We are particularly interested in an autoimmune disease called IgA nephropathy, which is antibody mediated and is the most common inflammatory kidney disease which can start at any age: children, teenagers, younger and older adults. We think we can use learnings from our vaccine work to understand this disease better. There are lots of antibody-mediated diseases, and we are very happy to collaborate with others!
How are you settling into life at the Crick?
Settling into life at the Crick has been straightforward. We have a brilliant team at the hub and our quadrant manager has been magnificent in getting us started. I was a bit restless during the setup process, but it couldn’t realistically have been any smoother.

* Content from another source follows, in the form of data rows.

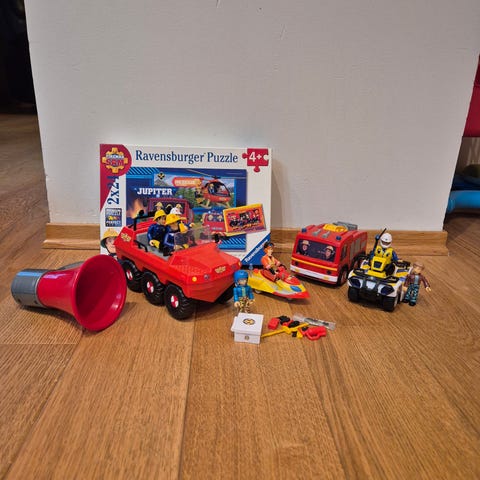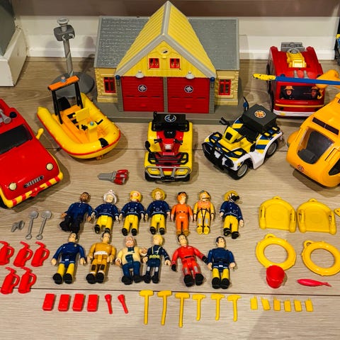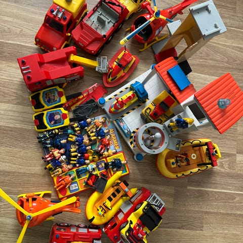 Selger en stor pakke med Brannmann Sam. Lekene er godt brukt, og noen små mangler vil forekomme. Eksempelvis mangler brannbilen en dør, helikopteret har en knekt del på sin høyre side og den elektronikken på den minste brannbilen fungerer ikke. Men her er det uansett mye god lekeverdi igjen.
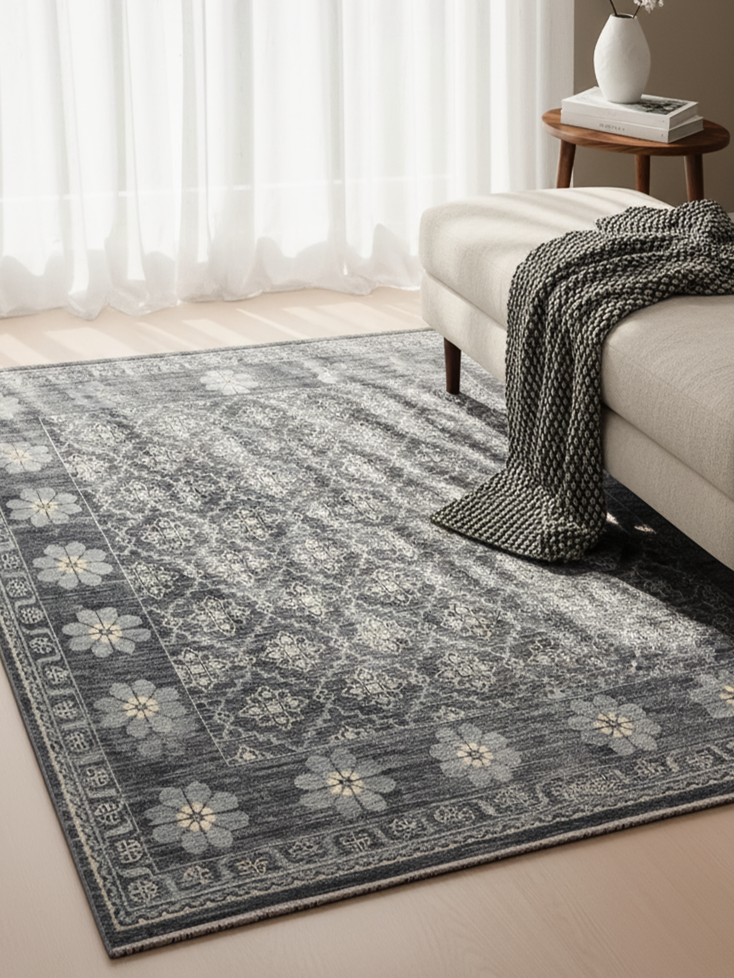 To keep your rug looking its best, shake or lightly beat it to remove dust, and rotate it regularly for even wear. Blot spills immediately with a clean, white cloth, keeping the rug as dry as possible. For tougher stains, professional cleaning is recommended. To preserve its colour and texture, avoid placing it in direct, prolonged sunlight. Do not pull any loose yarns. If needed, simply trim them with scissors so they sit neatly at the same height as the rest of the pile.
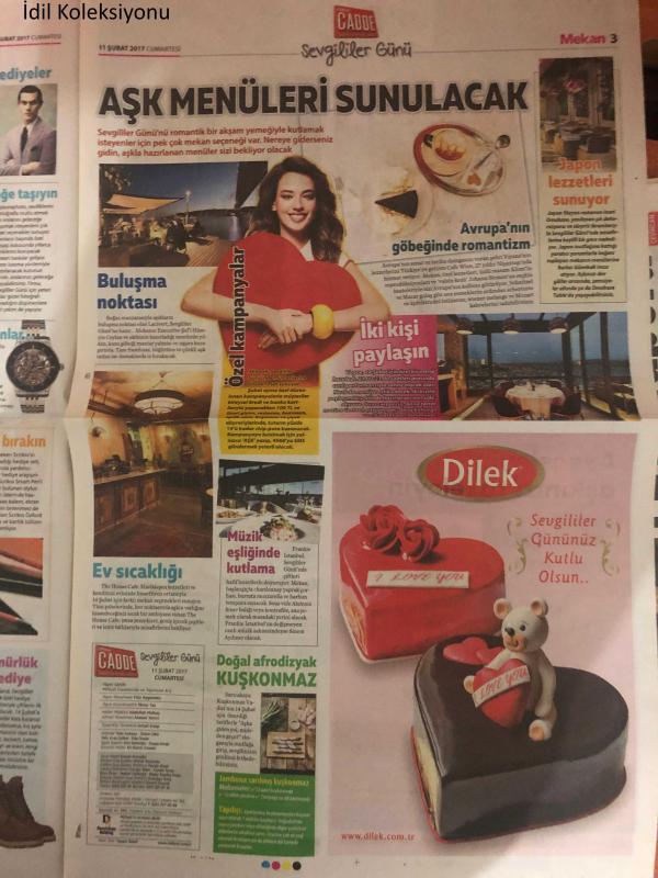 Milliyet Cadde Gazetesi , 11 Şubat 2017 , Sevgililer Günü , Aşk Olsun , Mutlu Anılar İçin , Aşk Menüleri Sunulacak , Japon Lezzetleri Sunuyor , Ev Sıcaklığı , Uygur Kardeşlerden Özel Armağanlar , Çiftler İçin Konaklama , Rüya Gibi Bir Gün , Ekmekten Hediye Olur Mu , Bir Otelden Daha Fazlası adlı eser Türkçe dilindedir.

How have you found setting up your lab?
As my lab had only just started at UCL when we were seconded to the Crick, we made a strategic decision not to get too set up ahead of moving. We swerved starting a new wet lab at UCL and having to move it all within a few months, and there was a pile of dry lab work to churn through! Lots of Crick groups and STPs have helped us get up and running, so we have been well looked after. We don’t have space to thank everyone separately: we are immensely grateful for their help.
And finally – in an alternate universe where you weren’t a researcher, what would you be doing?
If I had to stop being a researcher tomorrow, then it’s back to clinical work. If I get to go back 20 years, I think I’d still have gone to medical school. But no idea from there: you’re shaped by encounters with inspiring patients and colleagues along the way, lots of which feel like chance – so it's hard to imagine things would unfold exactly the same.